B. Company may determine, in her sole discretion and without requiring disclosure of the reason that the relationship under the Agreement must terminate.  

C. Any termination of this agreement, however occasioned will not affect any accrued rights or liabilities of the other party, nor will it affect the coming into force, or the continuance in force, of any provision hereof which is expressly or by implication intended to come into or continue in force on or after such termination.

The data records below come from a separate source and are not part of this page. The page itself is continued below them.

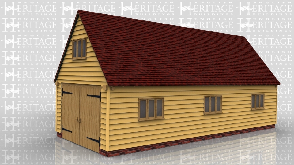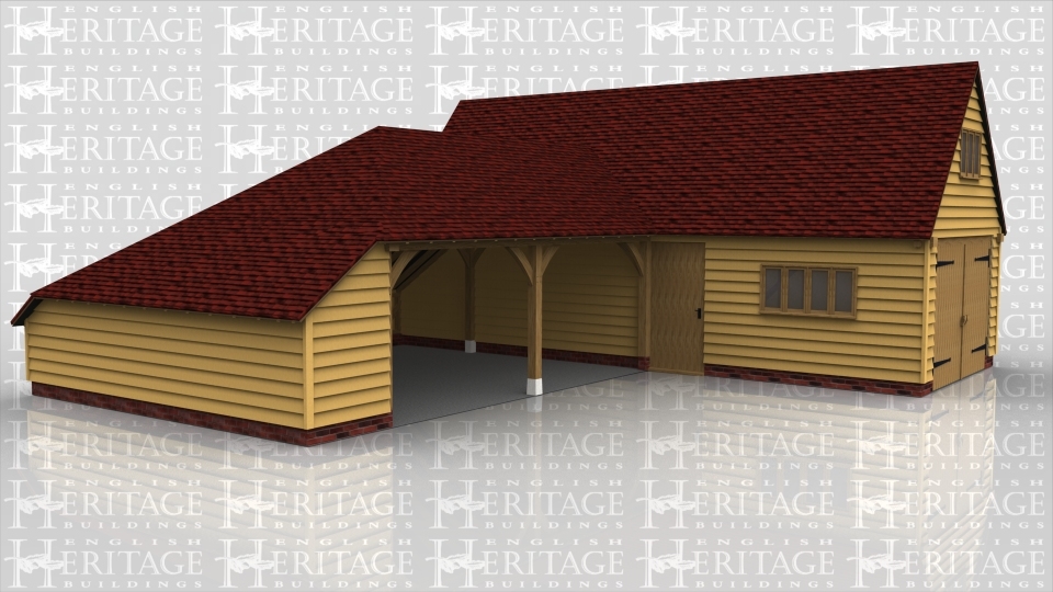 This oak framed complex is designed in an ‘L’ shape. There is a three bay garage with a garage door to the front and a three pane window to each bay and one on the first floor at the front. Attached to this is a two bay open garage with an enclosed catslide to the side.
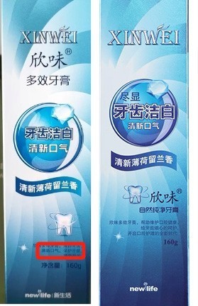 据了解,新生活集团旗下有“欣味”口腔护理品牌,信号新闻(0532-80889431)在电商平台检索发现,该产品旧版外包装明确标注 “洁白牙齿、清新口气、保护牙龈” 三项功效;目前在售新版包装已调整表述,改为 “帮助维护口腔健康,给牙齿细心呵护”,未再出现 “保护牙龈” 等具体功效宣称。
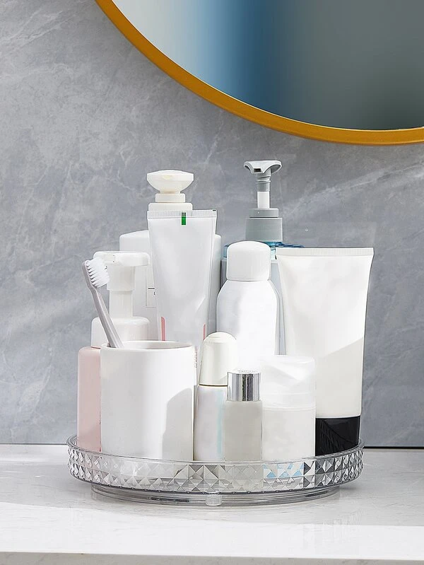 1pc Multifunction Rotatable Storage Rack, Clear PET Bathroom Countertop Storage For Home
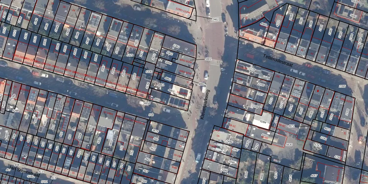 Kleverparkweg 2-A is gelegen op kadastraal perceel HLM01A4863. Deze kadastrale aanduiding is uniek en wordt gebruikt door het Kadaster om eigendomsrechten en andere zakelijke rechten vast te leggen. Het perceel maakt onderdeel uit van de kadastrale gemeente Haarlem.

D. Upon termination of this agreement each party will promptly return to the other all materials, data and other property of the other held by it.

13. Dispute Resolution

If a dispute arises out of this Agreement that cannot be resolved by mutual consent, the Client and Company agree to attempt to mediate in good faith for up to 30 days after notice given. 

14. Limited Damages

To the maximum extent  permitted under applicable law, Company will not be liable to Client for any indirect, special, incidental, or consequential damages (including but not limited to damages for loss of business, loss of opportunity cost, loss of profits and the like), whether based on breach of contract, breach of warranty, tort (including negligence), or otherwise, even if Company has been advised of the possibility of such damages, and even if a remedy set forth herein is found to have failed of its essential purpose.  Damages, including attorney’s fees and costs, are limited to the amount paid under this agreement. 

15. Entire Agreement 

This Agreement, including exhibits, waivers, releases, and authorizations, supersedes all prior arrangements, agreements, and understandings between the parties. No addition to or modification of any provision of this Agreement will be binding upon the parties unless made by written instrument and signed by an authorized representative of each of the parties.

16. Assignment 

Neither party will assign or transfer this Agreement or any of its rights or obligations herein,

whether in whole or in part without the prior written consent of the other.

17. Notices 

All notices that are required to be given under this agreement will be in writing and will be sent to the address of the appropriate party as set out in this Agreement or such alternative address as the recipient may designate by notice given in accordance with the provisions of this clause. Any such notice may be delivered personally, by first class pre-paid letter, telex or facsimile transmission and will be deemed to have been served if by hand when delivered, if by first class post 48 hours after posting and if by telex or facsimile transmission when dispatched.

18. Waiver

The failure of either party to enforce any provision of this Agreement shall not be construed as a waiver or limitation of that party's right to subsequently enforce and compel strict compliance with every provision of this Agreement.

19. Severance
In the event that one or more of the provisions of this agreement shall be found unenforceable, illegal or invalid, it shall not affect any other provisions of this agreement, and this agreement shall be construed as if the provision found to be unenforceable, illegal or invalid had never been contained in the agreement, or the unenforceable, illegal or invalid provision shall be construed, amended and/or reformed to be made enforceable, legal and valid.

20. Headings 

The headings to and numbering of the clauses of this Agreement are for ease of reference only and will not affect the interpretation, application or construction of this Agreement.

21. Choice of Law 

This Agreement will be governed by and construed in accordance with the Laws of United States. Any dispute which may arise between the parties concerning this Agreement will be determined by the laws of the state of Georgia and the parties hereby submit to the exclusive jurisdiction of the courts of the state of Georgia for such purpose.